Included Peripheral:

    Super NES Mouse

This review was written back in August 2012, originally for a different blog. Other than an update made in the mid-2010s. The most current update adds the music tracks as self-hosted files rather than volatile YouTube videos (as at least one didn't work anymore) as well as adding a few more hyperlinks and general TLC (the box art is from Wikipedia). It still has yet to get any official re-release. The game notably used a SNES mouse, which despite having a number of compatible games really wasn't used all that much in the lifespan of the console.

I put this up because Mario Paint was released twenty years ago today (HAPPY BIRTHDAY!) but also because I have been playing it recently (Snes9x mouse input for the win). Sadly, I can't say that Mario Paint has quite the lasting appeal over the years, nostalgia factor be damned. That's not to say that I've fun with it over the years, the sound effects, clicking on the MARIO PAINT lettering, the music creator, and the cool painting effects (featuring the dancing paintbrush as paint slowly fills the lines), and the music above all things. Besides the great music creator, there's the background music. The first is the "pushups theme", the second is the "cymbal monkey theme", and the third is the weird one with the stamps singing. There appears to be a fourth one too, that resembles a bell, but it turns out to be just a dog with his mouth taped shut (if you want to work in silence, I guess).

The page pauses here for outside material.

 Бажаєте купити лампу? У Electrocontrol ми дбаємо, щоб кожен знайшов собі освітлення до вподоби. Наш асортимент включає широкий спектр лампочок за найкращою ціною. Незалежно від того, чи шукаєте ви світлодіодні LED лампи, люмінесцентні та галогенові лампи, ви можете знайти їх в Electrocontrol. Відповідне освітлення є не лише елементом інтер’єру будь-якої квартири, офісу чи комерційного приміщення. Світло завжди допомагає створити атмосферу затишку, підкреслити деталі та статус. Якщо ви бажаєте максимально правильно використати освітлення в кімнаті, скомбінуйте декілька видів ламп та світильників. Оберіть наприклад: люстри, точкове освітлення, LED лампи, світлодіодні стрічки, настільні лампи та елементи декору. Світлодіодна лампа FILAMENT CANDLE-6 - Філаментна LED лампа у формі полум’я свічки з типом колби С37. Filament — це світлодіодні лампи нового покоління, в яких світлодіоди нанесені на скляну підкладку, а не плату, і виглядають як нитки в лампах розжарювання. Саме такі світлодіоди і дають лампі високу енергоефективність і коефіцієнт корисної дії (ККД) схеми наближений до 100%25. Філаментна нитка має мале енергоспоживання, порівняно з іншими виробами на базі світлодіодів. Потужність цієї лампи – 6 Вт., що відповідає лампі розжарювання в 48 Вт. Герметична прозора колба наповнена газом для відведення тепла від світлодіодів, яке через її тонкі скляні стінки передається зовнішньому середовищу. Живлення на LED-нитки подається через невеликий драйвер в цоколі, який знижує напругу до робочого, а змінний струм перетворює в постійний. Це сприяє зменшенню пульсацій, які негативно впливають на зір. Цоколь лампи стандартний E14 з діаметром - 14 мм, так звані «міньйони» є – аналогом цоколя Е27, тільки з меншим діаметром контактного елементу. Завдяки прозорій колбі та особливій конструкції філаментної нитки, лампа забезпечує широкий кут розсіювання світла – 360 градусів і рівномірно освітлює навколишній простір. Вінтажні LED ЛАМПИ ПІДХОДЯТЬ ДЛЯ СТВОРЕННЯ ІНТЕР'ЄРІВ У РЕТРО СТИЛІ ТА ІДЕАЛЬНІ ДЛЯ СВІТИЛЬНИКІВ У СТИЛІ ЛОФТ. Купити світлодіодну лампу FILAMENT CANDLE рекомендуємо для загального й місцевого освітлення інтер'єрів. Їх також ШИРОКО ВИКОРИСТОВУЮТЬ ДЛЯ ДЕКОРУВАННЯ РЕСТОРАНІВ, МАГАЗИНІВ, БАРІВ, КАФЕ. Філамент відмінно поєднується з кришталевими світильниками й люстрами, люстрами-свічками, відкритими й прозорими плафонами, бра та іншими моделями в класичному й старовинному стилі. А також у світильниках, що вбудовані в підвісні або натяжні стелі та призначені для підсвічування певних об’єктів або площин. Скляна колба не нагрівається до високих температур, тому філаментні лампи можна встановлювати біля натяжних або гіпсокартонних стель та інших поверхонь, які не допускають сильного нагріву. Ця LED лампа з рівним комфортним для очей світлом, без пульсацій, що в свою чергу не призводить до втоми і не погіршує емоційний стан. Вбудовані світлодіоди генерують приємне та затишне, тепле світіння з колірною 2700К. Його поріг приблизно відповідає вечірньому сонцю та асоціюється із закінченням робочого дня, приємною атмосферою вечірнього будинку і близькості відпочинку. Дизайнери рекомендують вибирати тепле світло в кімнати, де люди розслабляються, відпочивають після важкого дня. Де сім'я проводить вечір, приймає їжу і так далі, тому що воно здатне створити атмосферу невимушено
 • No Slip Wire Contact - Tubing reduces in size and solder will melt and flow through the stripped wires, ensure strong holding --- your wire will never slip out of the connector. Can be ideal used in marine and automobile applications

One of the features of the time was the ability to combine the music creator with several "frames" of painting, allowing you to make, in essence, a music video (if you had the VCR done up correctly). Recently, cleaning in my uncle's old home in Louisiana (this was the place where my love of Nintendo was cultivated, right there) revealed some old VHS tapes that were from the 1990s and were created with Mario Paint (and they ARE hilarious, in a special way). My cousin saved these but hasn't copied them yet. (Update: It's been over five years and I have no idea of their whereabouts)

It's also the first appearance of "Totaka's Song" (a strange ditty that makes cameo appearances in some Nintendo games), which was once named the "Mario Paint Song" until it was discovered in a game made before Mario Paint, a Japanese-only game called X.

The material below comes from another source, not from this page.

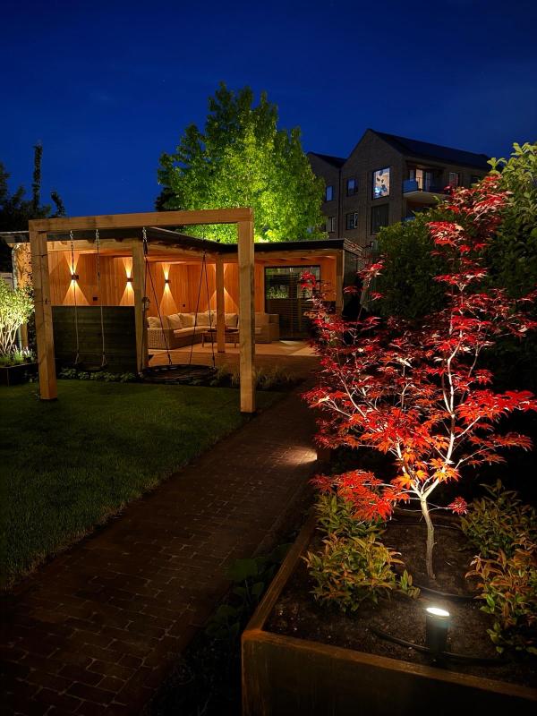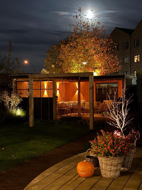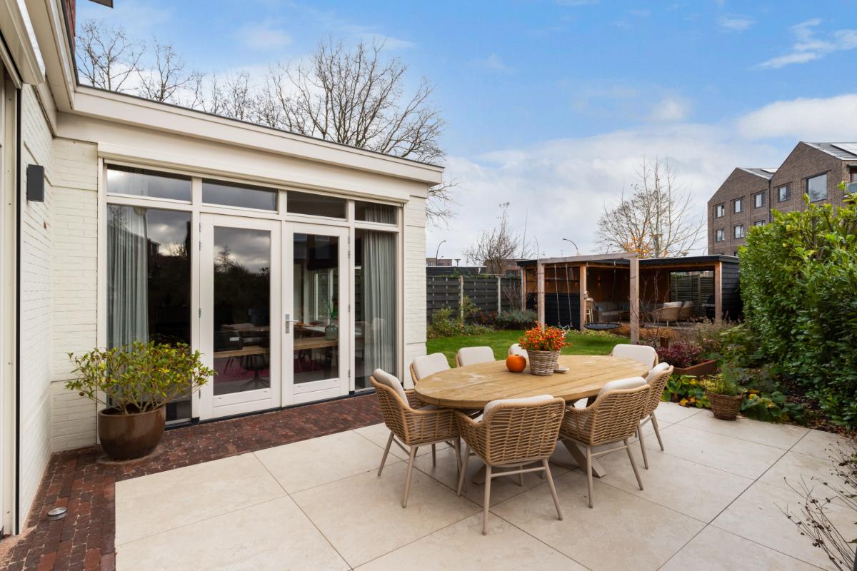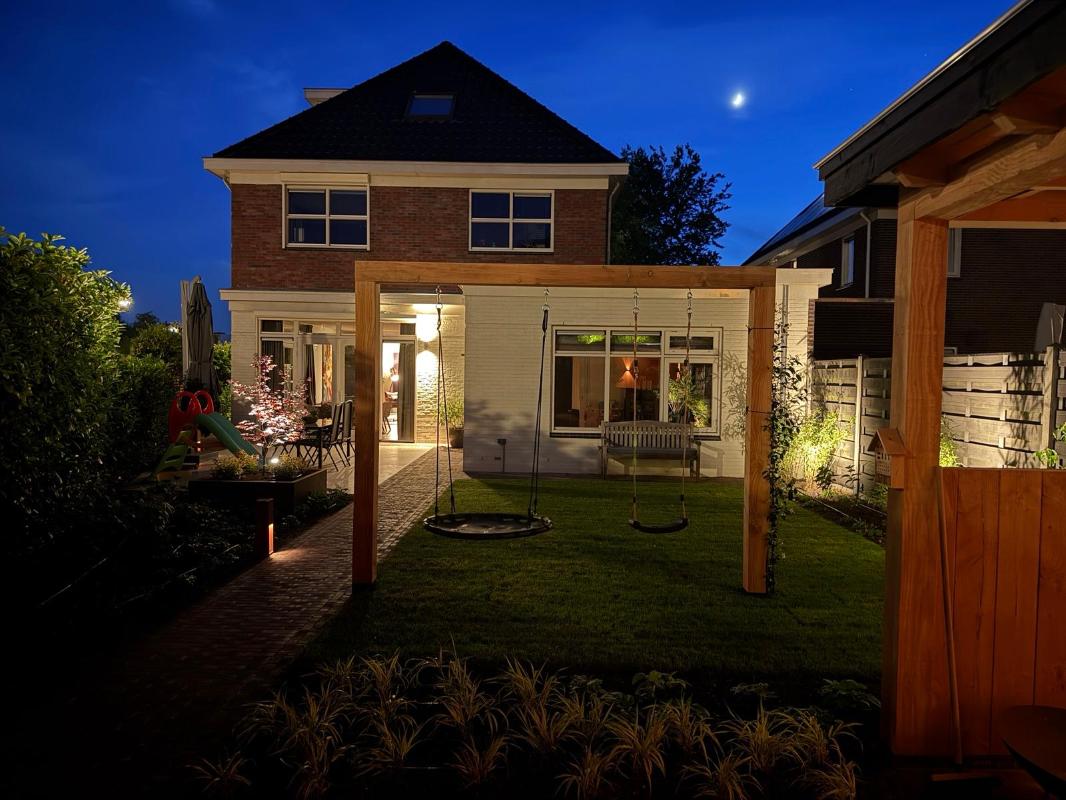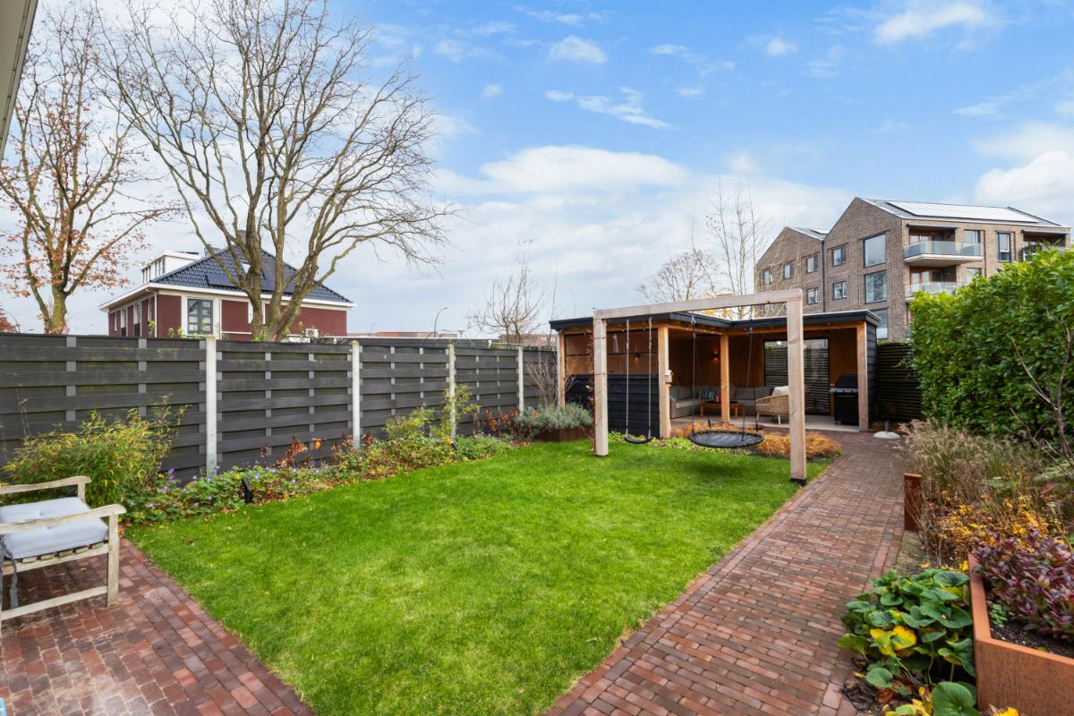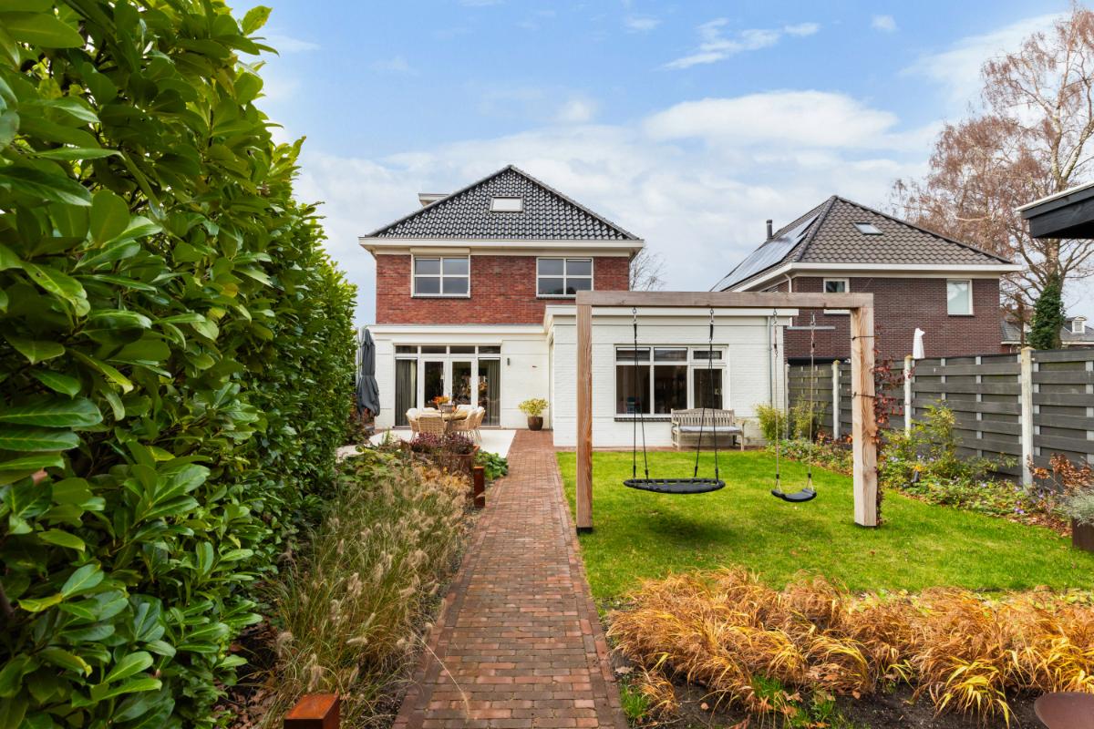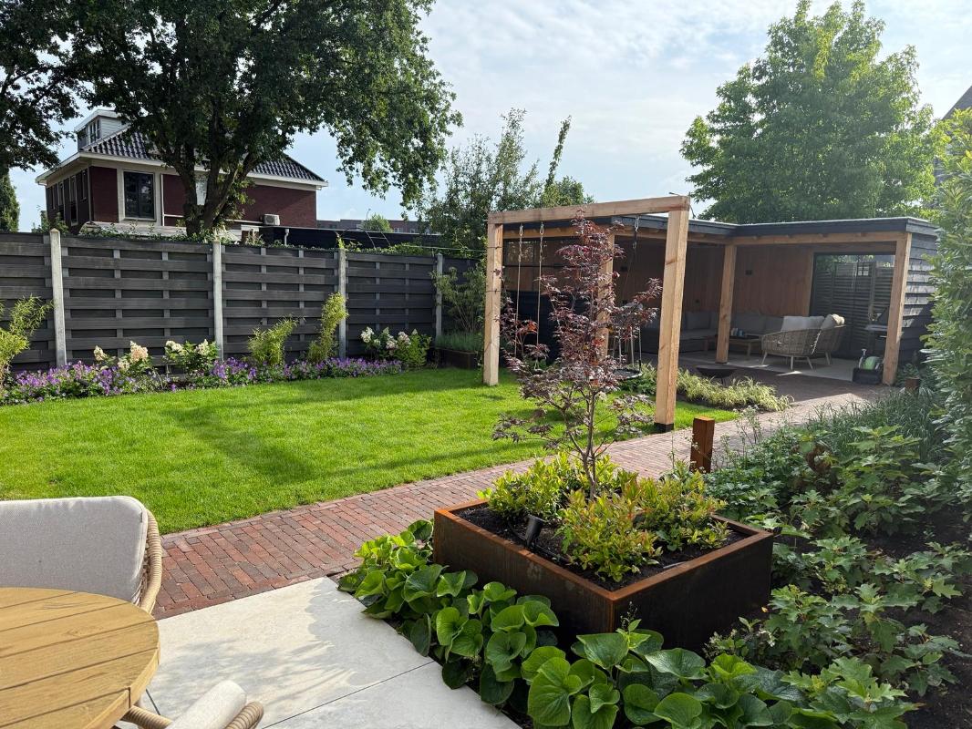 Via de openslaande deuren stap je zo de tuin in: verzorgd, sfeervol en uitgerust met een prachtige veranda en een dubbele schommel uit 2025. Hier geniet je van lange avonden. De tuin is overzichtelijk en modern aangelegd met diverse borders, terrassen en een gazon, voorzien van sfeerverlichting en een automatisch sproeisysteem.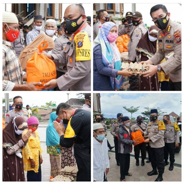 Sebanyak 250 paket sembako yang merupakan bakti sosial Kapolda Sumut ini diberikan kepada warga kurang mampu yang tinggal disekitar Masjid Raya Taqwa Parapat Kabupaten Simalungun.

The Fly Swatter game (also known as "Coffee Break") is where you use the mouse to swat all manners of flies, wasps, and the occasional boss, which is kinda fun. (Try to use it without an actual mouse, it's more difficult). All you get, though, is "trophies". If you manage to beat the game once, you start back at Level One with a "star" stamp in the upper left. You could get more, but it's not worth it.

Here's an example I made from the coloring book feature: it was originally just a black and white outline.

It's a bit sad that Mario Paint has never been re-released in any form or remade, at least here in the United States. While the Fly Swatter game eventually made it into the first WarioWare title (slightly modified), and the Photo Channel of the Wii has some resemblance to Mario Paint, the game has never made it in any form. Perhaps someday with the 3DS, it will get released as a Virtual Console title, though I'm not crossing my fingers since the Wii's Virtual Console turned out to be a massive disappointment.

FINAL RATING:   

Back...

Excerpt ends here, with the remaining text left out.